**INPUT MATERIAL:**
Segment Open
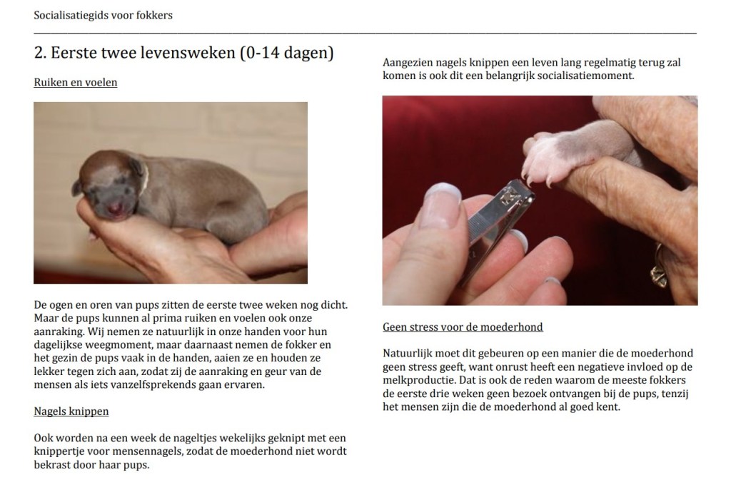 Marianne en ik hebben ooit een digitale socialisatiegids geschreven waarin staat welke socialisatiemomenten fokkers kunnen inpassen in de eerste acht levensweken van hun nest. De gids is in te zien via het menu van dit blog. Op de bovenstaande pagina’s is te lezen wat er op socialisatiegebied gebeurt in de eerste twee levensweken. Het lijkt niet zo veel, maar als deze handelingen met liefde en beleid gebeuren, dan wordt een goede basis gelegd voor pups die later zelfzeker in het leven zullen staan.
Segment Closed
Segment Open
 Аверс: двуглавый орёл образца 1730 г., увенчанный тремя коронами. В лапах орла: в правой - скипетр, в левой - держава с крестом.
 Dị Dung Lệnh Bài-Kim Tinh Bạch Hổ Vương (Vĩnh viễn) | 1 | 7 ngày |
Segment Closed
**BRIEF:**
From the records above, repeat exactly the lines from the one with "Аверс: двуглавый орёл" through the one with "Dị Dung Lệnh", both included.

**ANSWER SPACE:**
 Аверс: двуглавый орёл образца 1730 г., увенчанный тремя коронами. В лапах орла: в правой - скипетр, в левой - держава с крестом.
 Dị Dung Lệnh Bài-Kim Tinh Bạch Hổ Vương (Vĩnh viễn) | 1 | 7 ngày |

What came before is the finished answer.